Si avvia da gennaio, per lavoratori e imprese, il versamento contributivo al Fondo di solidarietà bilaterale per la Filiera delle Telecomunicazioni. Il diario del lavoro ha intervistato il direttore generale di Asstel, Laura Di Raimondo, protagonista fin dall’inizio della creazione del Fondo, per fare il punto della situazione.
Di Raimondo, partiamo dalle origini: quando è nato il Fondo e qual è il suo scopo.
Abbiamo deciso tre anni fa, con il rinnovo del contratto del 2020, di guardare avanti affrontando questa sfida, cioè puntare alla definizione del Fondo di Solidarietà per la Filiera delle Telecomunicazioni. Questo Fondo è stato costruito per offrire una risposta per accompagnare le azioni di formazione, riqualificazione e riorganizzazione rese necessarie dai processi innovazione tecnologica e di trasformazione del lavoro.

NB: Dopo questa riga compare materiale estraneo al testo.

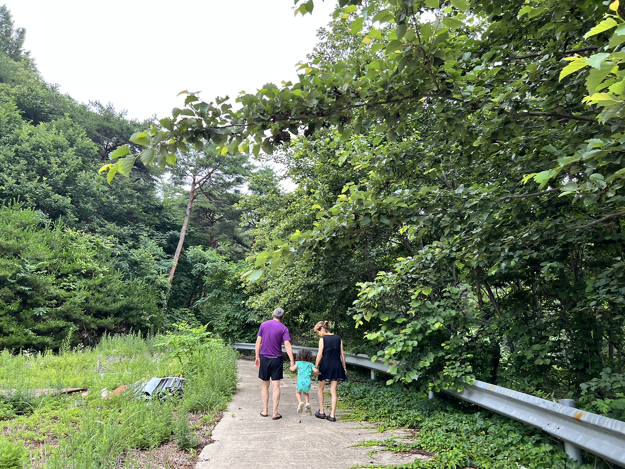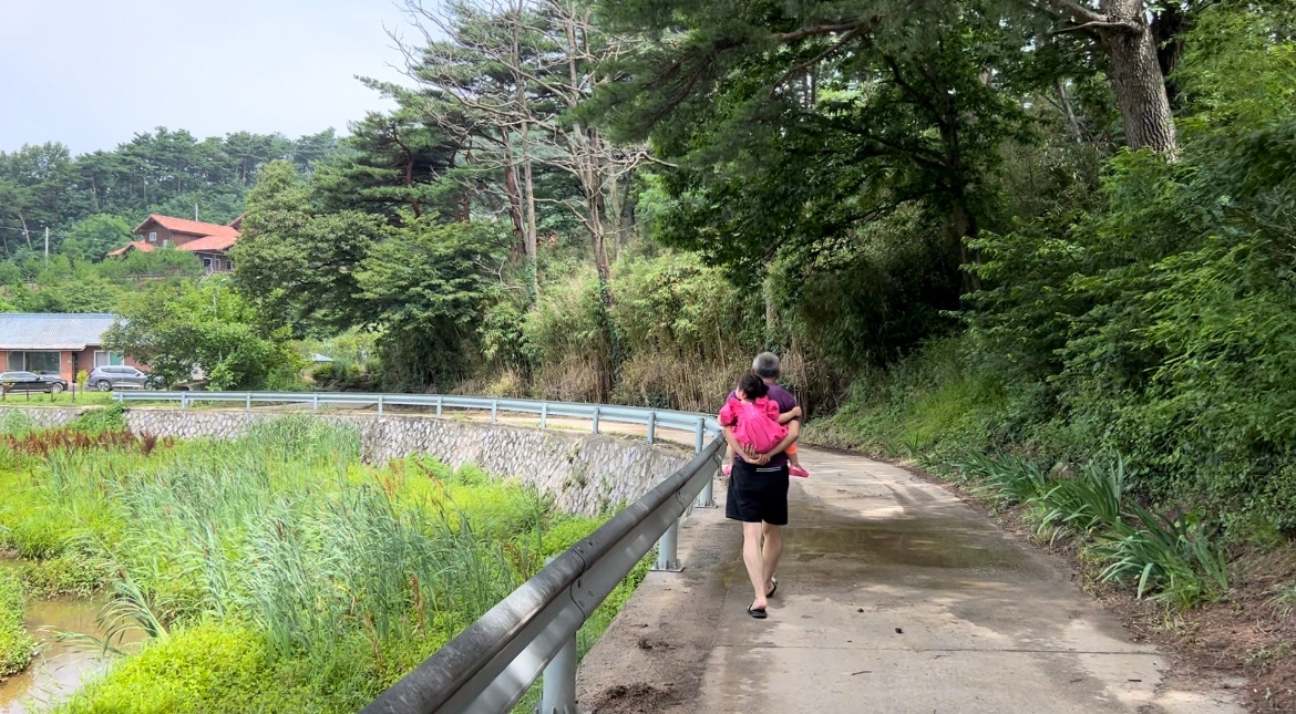지우는 가자는 대로 길을 나서는 할머니와 할아버지가 그리 좋았나 보다. 나도 가끔 사라져 평온을 맞는 순간이 좋았지만. 창밖에 고개를 내밀어 한바탕 산책 후에 또 사라진 지우와 나의 아빠를 찾았다. 이번엔 논밭길이었다. 멀리서 보이는 아빠와 지우의 모습이 애틋해서, 기록을 남겨드리고자 쫓아갔다.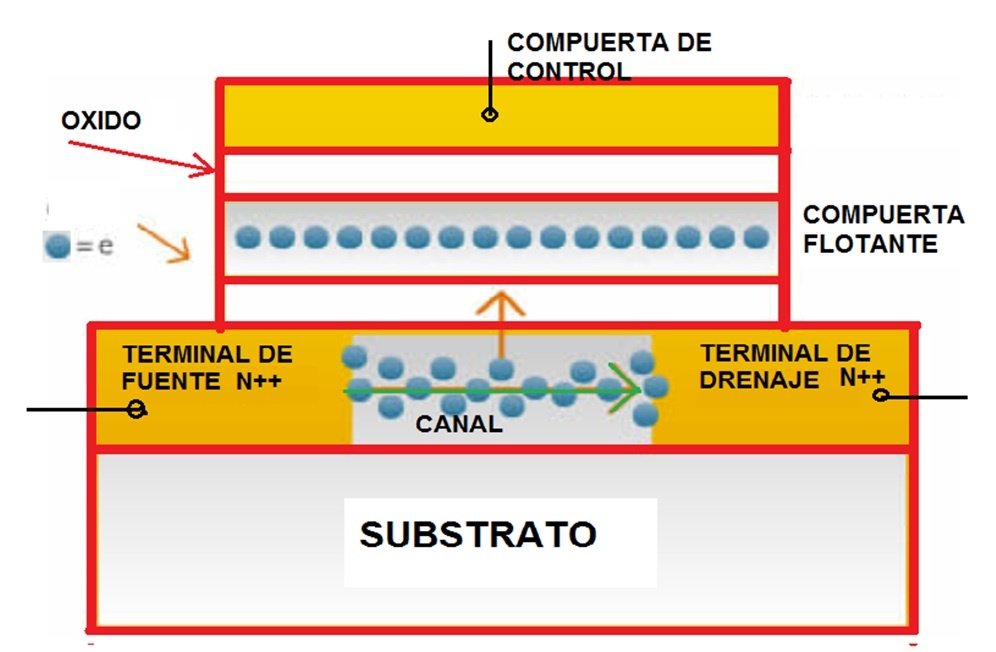 PARTE B PORQUE SE QUEMAN LAS FLASH Mientras esperamos que vengan las Flash del Samsung, no está mal saber porque se queman y cómo funcionan cuando no están dañadas. Cualquier tipo de memoria no es más que un conjunto de celdas de memoria, organizadas según un criterio adecuado, para guardar los datos del dispositivo en donde están funcionando. Hay muchos dispositivos diferentes que pueden operar como celda de memoria (en definitiva son llaves electrónicas que memorizan la última condición de cerrada o abierta). Todas se comportan de un modo similar. Una memoria siempre termina siendo una llave que se conserva abierta o cerrada todo el tiempo que deseemos. Algunas inclusive conserva su estado abierto o cerrado aunque se desconecte la fuente del dispositivo que la contiene. De todos los tipos de llaves de memoria nosotros vamos a estudiar los más modernos que son las que integran las memorias Flash. Por si no le quedó claro el equivalente mecánico de una memoria electrónica, es la simple llave de iluminación de su habitación. Ud. la opera y la llave se cierra y la lámpara enciende. Si no la toca la lámpara se mantiene en esa condición de encendida hasta que Ud. la vuelva a operar y apague la luz. si la deja en esa posición la habitación permanece a oscuras todo el tiempo deseado. Las memorias Flash se usan en diferentes dispositivos de los cuales los más conocidos son los Pendrive, los discos rígidos de estado sólido y por supuesto los TVs. Las llaves usadas son en todos los casos transistores MOSFET modificados. Tienen tres patas como todos los MOSFET y dos son las clásicas "drenaje" y "fuente" conectadas a un canal clásico tipo "N". El cambio está en el dispositivo de control o compuerta, ya que tenemos una clásica compuerta con conexión al exterior para el comando del canal y otra compuerta llamada "flotante" que no tiene conexión externa. Es una simple metalización totalmente aislada del resto del mundo. En la figura 2.1 mostramos un dibujo simplificado de una celda.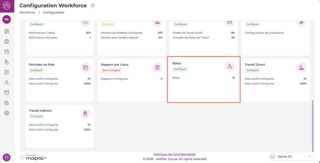 - Accédez à Configuration > Rôles.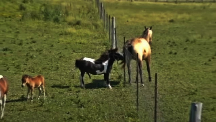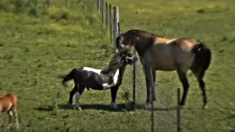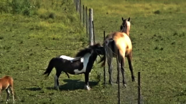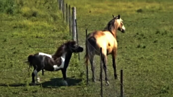 The video was recorded on Lindsay, Ontario area farm, and this mini is trying to accomplish something with a horse who is twice his size. Do you think if he could get over the fence, he’d ever face the challenge? We only can imagine the amazing ‘horsie’ conversation going on between them.
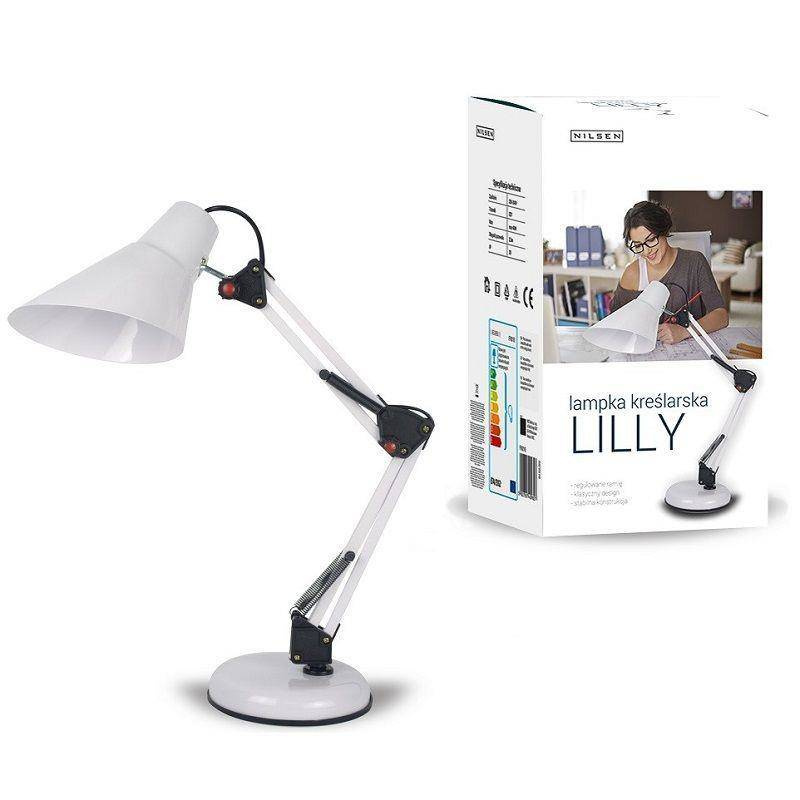 Lampka biurkowa kreślarska Lilly to uniwersalna propozycja do pracy lub nauki. Klasyczna konstrukcja z nowoczesnymi akcentami, pozwala wprowadzić ją do wielu nowoczesnych przestrzeni. Biały kolor z czarnymi elementami sprawia, że lampka wygląda świeżo i delikatnie. Składające się z dwóch części regulowane ramię i ruchoma główka, pozwalają na dopasowanie wysokości i kąta padania światła do własnych potrzeb, a półotwarty klosz daje dużo skupionego światła. Lampka biurkowa Lilly sprawdzi się zarówno na biurku ucznia, na biurku do pracy, a także jako dodatkowe oświetlenie w salonie, w kąciku do czytania czy na stoliku nocnym. Lampka wyposażona w trzonek E27 na wymienne źródła światła, który pozwala na dopasowanie barwy i strumienia świetlnego do własnych potrzeb. Klasyczny włącznik na przewodzie umożliwia wygodne uruchomienie lampki. Cechy wyróżniające lampkę biurkową kreślarską Lilly:

Come si procederà da quest’anno?
Dal primo di gennaio 2024 si avvia la contribuzione da parte di imprese e lavoratori in favore del Fondo, sulla base di quanto previsto dal Decreto del Ministero del Lavoro del 4 agosto 2023. Adesso siamo in attesa del Decreto di nomina del Cda e, quindi, dell’Organo di controllo del Fondo, che deve essere emanato dal Ministero del Lavoro e delle Politiche Sociali. Ci saranno quattro componenti Asstel, quattro delle Organizzazioni Sindacali, uno del Mef, uno del Ministero del Lavoro e due Inps. Quindi avviamo il motore. Ma servirebbero maggiori risorse in questa fase.
In che senso?
Abbiamo molto auspicato un supporto economico aggiuntivo pubblico, per il primo triennio, per accelerare la piena operatività del Fondo nella fase di avvio. Dobbiamo implementare velocemente i nuovi modelli di organizzazione del lavoro, il rafforzamento e l’ampliamento delle competenze dei lavoratori, il coinvolgimento dei giovani in un’ottica di ricambio generazionale. Questa è la sfida che abbiamo davanti ed è necessario che il Fondo possa essere utilizzabile, erogando tutte le prestazioni previste, al più presto.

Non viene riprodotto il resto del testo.